Print the data exactly. Pictures stay out.

[Extracted data entries]
..............................

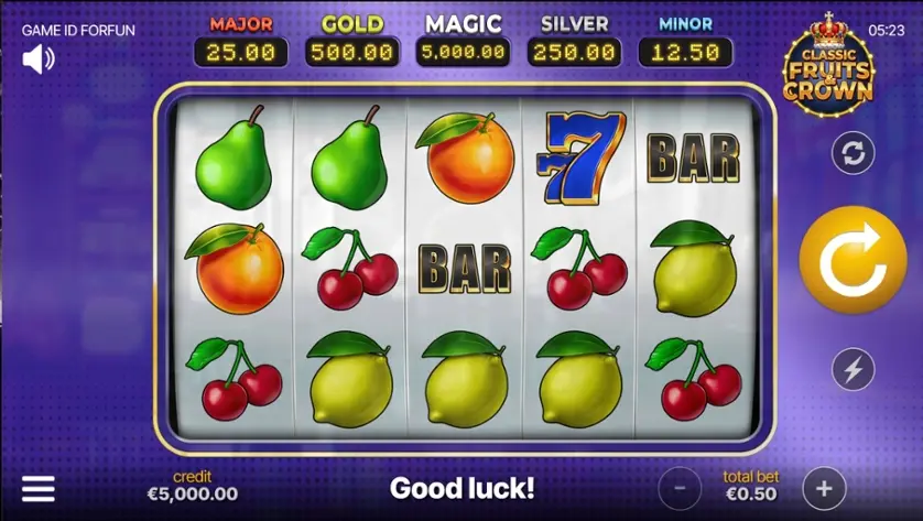 Prova la slot online Classic Fruits & Crown gratis in modalità demo, senza download o registrazione.
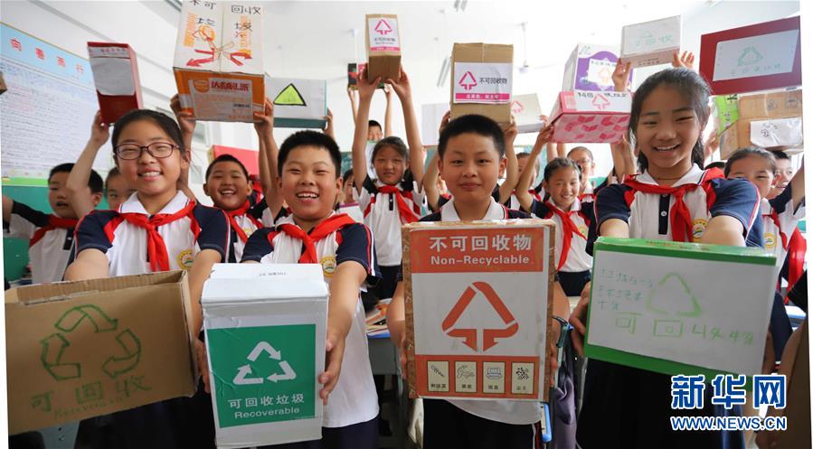 6月5日,河北临西县光明小学学生展示自己制作的“垃圾分类箱”。新华社发(张玉坤摄)
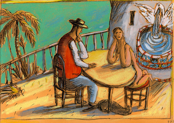 On attendait, on ne savait quoi et l’air était lourd… Dans ces moments là, Georges a des rêves de calamars, des millions de calamars attirés par les lamparos des pêcheurs. Des millions de calamars qui sont comme les neurones d’un gigantesque cerveau : Des tentacules qui se frôlent et se connectent, des photophores qui clignotent en…
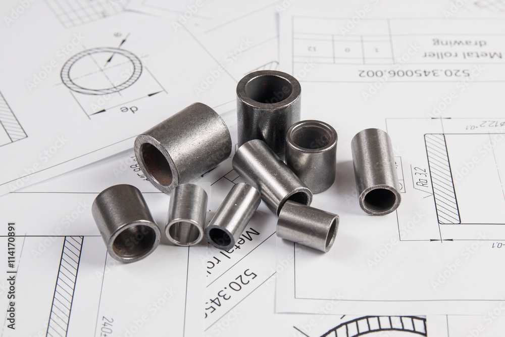 Metal cylinders on printed engineering drawings. Mechanics and Engineering Technology. Engineering drawings of steel parts
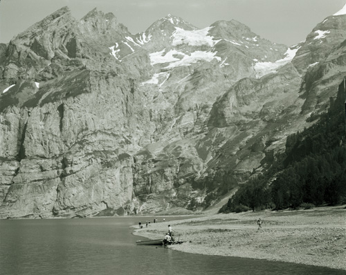 zwartwitfoto: Bergmeer onder een majestueus gebergte.

..............................

EXERCISE RESPONSE —
 Prova la slot online Classic Fruits & Crown gratis in modalità demo, senza download o registrazione.
 6月5日,河北临西县光明小学学生展示自己制作的“垃圾分类箱”。新华社发(张玉坤摄)
 On attendait, on ne savait quoi et l’air était lourd… Dans ces moments là, Georges a des rêves de calamars, des millions de calamars attirés par les lamparos des pêcheurs. Des millions de calamars qui sont comme les neurones d’un gigantesque cerveau : Des tentacules qui se frôlent et se connectent, des photophores qui clignotent en…
 Metal cylinders on printed engineering drawings. Mechanics and Engineering Technology. Engineering drawings of steel parts
 zwartwitfoto: Bergmeer onder een majestueus gebergte.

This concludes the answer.